Segment Open

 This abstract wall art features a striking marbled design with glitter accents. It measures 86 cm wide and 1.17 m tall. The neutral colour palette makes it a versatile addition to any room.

Segment Closed
Segment Open

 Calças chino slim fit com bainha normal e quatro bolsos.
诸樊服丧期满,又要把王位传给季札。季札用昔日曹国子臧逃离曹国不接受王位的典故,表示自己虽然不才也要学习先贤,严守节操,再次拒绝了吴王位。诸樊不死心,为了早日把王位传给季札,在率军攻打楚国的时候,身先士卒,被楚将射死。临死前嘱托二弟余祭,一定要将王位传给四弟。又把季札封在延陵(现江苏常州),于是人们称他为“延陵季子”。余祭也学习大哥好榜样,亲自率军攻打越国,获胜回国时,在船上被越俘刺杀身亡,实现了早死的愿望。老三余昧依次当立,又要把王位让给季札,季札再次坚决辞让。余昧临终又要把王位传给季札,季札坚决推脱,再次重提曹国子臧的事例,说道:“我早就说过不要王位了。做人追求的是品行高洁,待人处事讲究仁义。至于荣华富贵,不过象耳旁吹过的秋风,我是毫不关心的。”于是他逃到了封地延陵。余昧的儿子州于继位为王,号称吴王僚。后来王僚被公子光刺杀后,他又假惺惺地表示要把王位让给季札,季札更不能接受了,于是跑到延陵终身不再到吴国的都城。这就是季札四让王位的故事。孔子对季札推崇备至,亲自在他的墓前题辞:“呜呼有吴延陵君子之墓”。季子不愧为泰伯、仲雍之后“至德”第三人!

Segment Closed
Segment Open

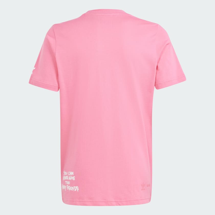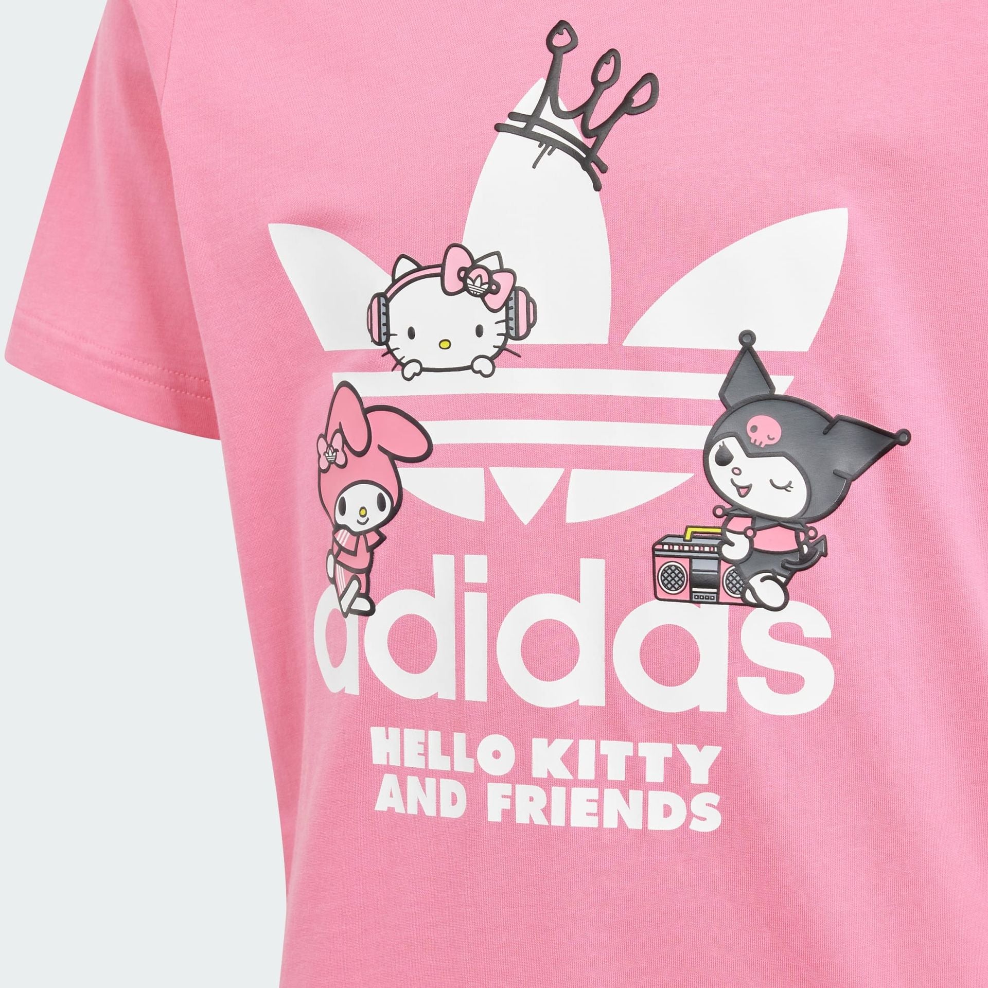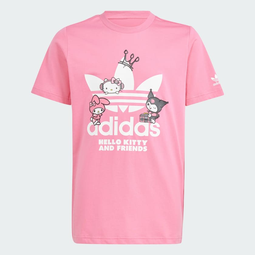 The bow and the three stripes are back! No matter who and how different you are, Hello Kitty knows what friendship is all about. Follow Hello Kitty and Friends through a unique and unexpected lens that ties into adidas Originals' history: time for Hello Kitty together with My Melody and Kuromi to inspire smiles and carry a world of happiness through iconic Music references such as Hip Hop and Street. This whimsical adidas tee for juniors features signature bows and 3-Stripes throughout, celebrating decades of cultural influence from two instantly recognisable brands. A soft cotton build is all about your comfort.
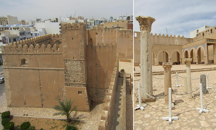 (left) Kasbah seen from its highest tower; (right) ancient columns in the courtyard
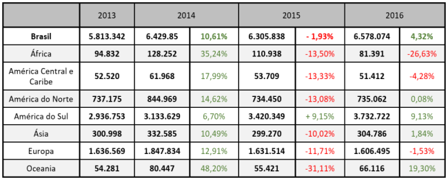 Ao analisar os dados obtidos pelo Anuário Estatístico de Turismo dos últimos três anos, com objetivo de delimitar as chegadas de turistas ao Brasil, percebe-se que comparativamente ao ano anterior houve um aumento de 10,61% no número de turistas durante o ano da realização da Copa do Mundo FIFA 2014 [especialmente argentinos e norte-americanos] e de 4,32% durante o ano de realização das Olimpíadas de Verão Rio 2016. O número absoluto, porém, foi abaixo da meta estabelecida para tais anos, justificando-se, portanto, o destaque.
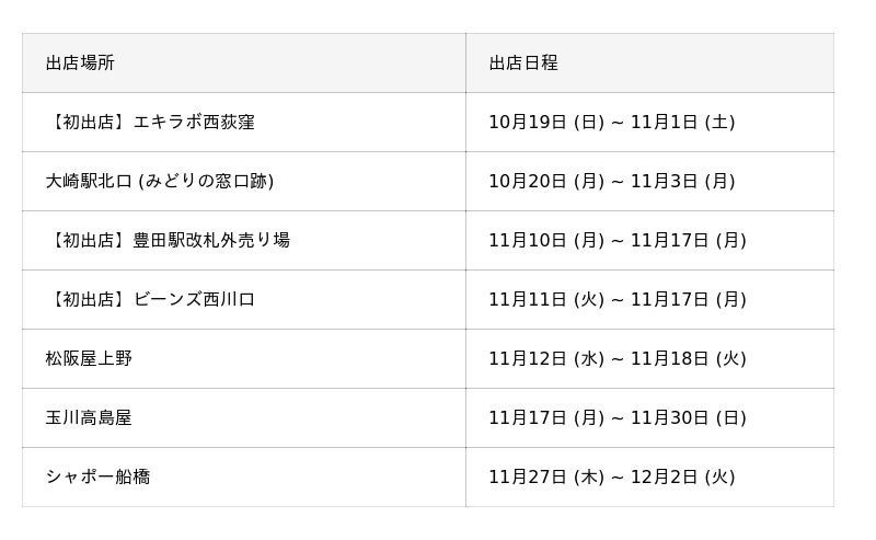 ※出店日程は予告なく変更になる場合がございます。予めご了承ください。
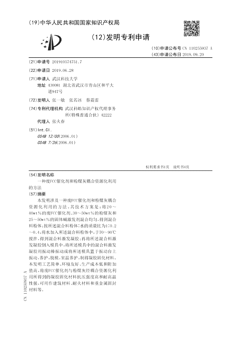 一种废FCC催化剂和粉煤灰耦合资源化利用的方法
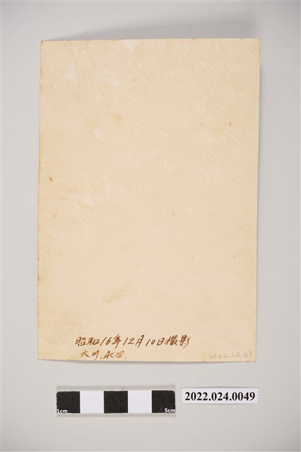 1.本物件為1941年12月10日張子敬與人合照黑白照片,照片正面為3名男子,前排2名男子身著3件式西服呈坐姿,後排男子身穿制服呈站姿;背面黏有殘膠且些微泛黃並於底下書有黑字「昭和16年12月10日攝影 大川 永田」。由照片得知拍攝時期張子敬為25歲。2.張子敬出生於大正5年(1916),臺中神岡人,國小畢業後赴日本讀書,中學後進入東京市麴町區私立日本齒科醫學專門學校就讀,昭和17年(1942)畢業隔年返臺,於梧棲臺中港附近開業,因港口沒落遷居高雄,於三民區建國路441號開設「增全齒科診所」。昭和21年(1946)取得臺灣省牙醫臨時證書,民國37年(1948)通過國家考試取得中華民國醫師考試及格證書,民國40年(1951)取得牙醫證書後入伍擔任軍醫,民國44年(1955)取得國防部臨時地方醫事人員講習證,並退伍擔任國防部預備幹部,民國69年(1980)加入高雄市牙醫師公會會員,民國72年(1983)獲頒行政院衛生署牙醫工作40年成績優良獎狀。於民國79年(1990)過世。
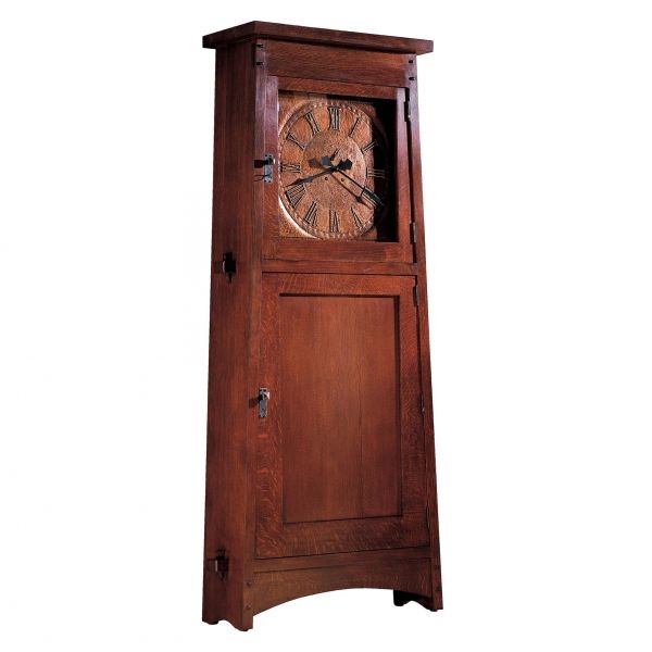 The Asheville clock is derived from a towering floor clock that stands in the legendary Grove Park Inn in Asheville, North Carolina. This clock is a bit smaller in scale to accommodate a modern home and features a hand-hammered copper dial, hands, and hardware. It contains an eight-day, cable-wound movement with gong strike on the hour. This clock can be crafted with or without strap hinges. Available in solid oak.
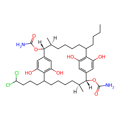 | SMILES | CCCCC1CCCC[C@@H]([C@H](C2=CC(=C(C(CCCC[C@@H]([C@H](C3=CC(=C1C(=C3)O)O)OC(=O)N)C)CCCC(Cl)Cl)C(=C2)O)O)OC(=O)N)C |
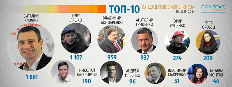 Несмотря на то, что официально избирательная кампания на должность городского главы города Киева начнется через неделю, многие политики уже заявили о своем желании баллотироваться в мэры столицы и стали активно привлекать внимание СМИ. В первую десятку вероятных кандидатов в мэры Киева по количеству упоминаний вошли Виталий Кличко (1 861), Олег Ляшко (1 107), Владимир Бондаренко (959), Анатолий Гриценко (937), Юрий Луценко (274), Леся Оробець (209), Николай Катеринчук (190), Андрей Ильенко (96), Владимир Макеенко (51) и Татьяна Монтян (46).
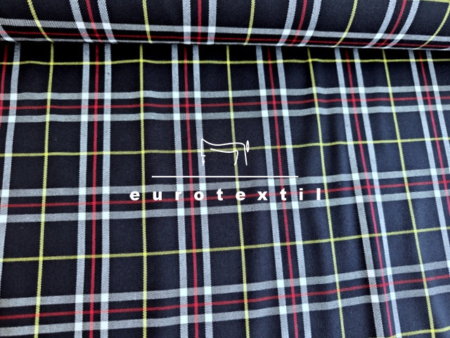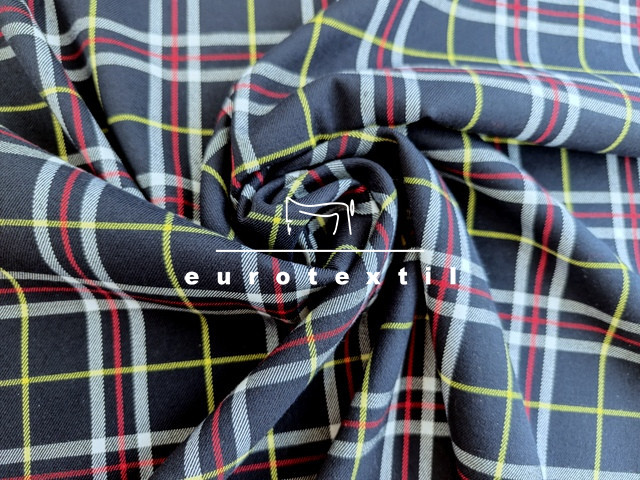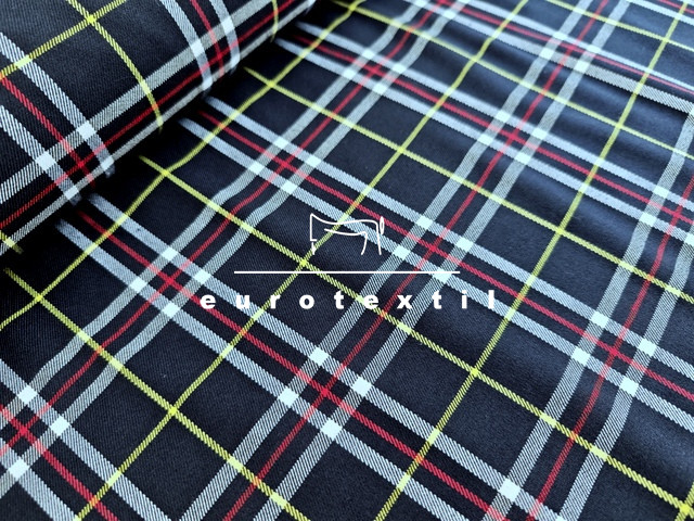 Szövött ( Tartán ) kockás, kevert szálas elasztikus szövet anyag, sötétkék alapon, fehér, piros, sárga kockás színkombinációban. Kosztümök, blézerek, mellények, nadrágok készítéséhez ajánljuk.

Segment Closed

[INSTRUCTIONS FOR THE TASK]
Beginning with the line that contains "The bow and", write out the lines of the material above exactly, and end with the line that contains "(left) Kasbah seen". Omit the pictures.

[TASK ANSWER]
 The bow and the three stripes are back! No matter who and how different you are, Hello Kitty knows what friendship is all about. Follow Hello Kitty and Friends through a unique and unexpected lens that ties into adidas Originals' history: time for Hello Kitty together with My Melody and Kuromi to inspire smiles and carry a world of happiness through iconic Music references such as Hip Hop and Street. This whimsical adidas tee for juniors features signature bows and 3-Stripes throughout, celebrating decades of cultural influence from two instantly recognisable brands. A soft cotton build is all about your comfort.
 (left) Kasbah seen from its highest tower; (right) ancient columns in the courtyard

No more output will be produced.